1915 novel by Jack London

The Little Lady of the Big House (1915) is a novel by American writer Jack London. It was his last novel to be published during his lifetime.

==Plot==
The story concerns a love triangle. The protagonist, Dick Forrest, is a rancher with a poetic streak (his "acorn song" recalls London's play, "The Acorn Planters"). His wife, Paula, is a vivacious, athletic, and sexually self-aware woman, who falls in love with Evan Graham, an old friend of her husband. Unable to choose between the two men, she wounds herself mortally with a rifle in what her husband is certain is a suicide.

== Inspiration ==
Biographer Clarice Stasz writes that the book is "not autobiography", but speaks of London's "frank borrowing from his life with Charmian", his second wife, and says it is "psychologically valid as a mirror of events during [the] winter [of 1912–13]". Paula, like Charmian, is subject to insomnia and is unable to bear children. Based on a reading of Charmian's diary, Stasz identifies Evan Graham with two real-life men named Laurie Smith and Allan Dunn.

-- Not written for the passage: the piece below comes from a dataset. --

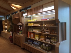 地元の設計事務所さんがデザインされた白木をふんだんに使ったこの新築店舗はすごくおしゃれで、それに合わせた什器デザインも大変でした。また、冷蔵ケースが大きいのでそのカバーリングでは構造的な工夫も必要でした。

Even minor characters can be identified; Forrest's servant Oh My resembles London's valet Nakata. The long-bearded hobo philosopher Aaron Hancock resembles Frank Strawn-Hamilton, who was a long-term guest at the London ranch. Sculptor Haakan Frolich makes an appearance as "the sculptor Froelig", and painter Xavier Martinez appears under his own name.

==Criticism==
London said of this novel: "It is all sex from start to finish—in which no sexual adventure is actually achieved or comes within a million miles of being achieved, and in which, nevertheless, is all the guts of sex, coupled with strength." One reviewer disparaged the novel's "erotomania."

Clarice Stasz further comments:
 Little Lady upset readers in London's day for its gushing sexual imagery... [and] its close portrayal of the tempting pull of adultery. Modern critics, on the other hand, deride its Victorian coyness and sentimentality, its unrealistic characters. Both were correct—it was too sexy for readers in 1915, when it appeared, and not sexy enough for readers beyond the sexually free twenties.

Kevin Starr, in a negative assessment, describes the novel as "wish-fulfilment". He says it
 provides a sort of last will and testament to California possibilities. His ranch life had begun in earnest in 1909 as a moratorium against chaos. Its last literary expression stank of madness and decay. Art and ranching converged in London's last effort, neither sustaining the other.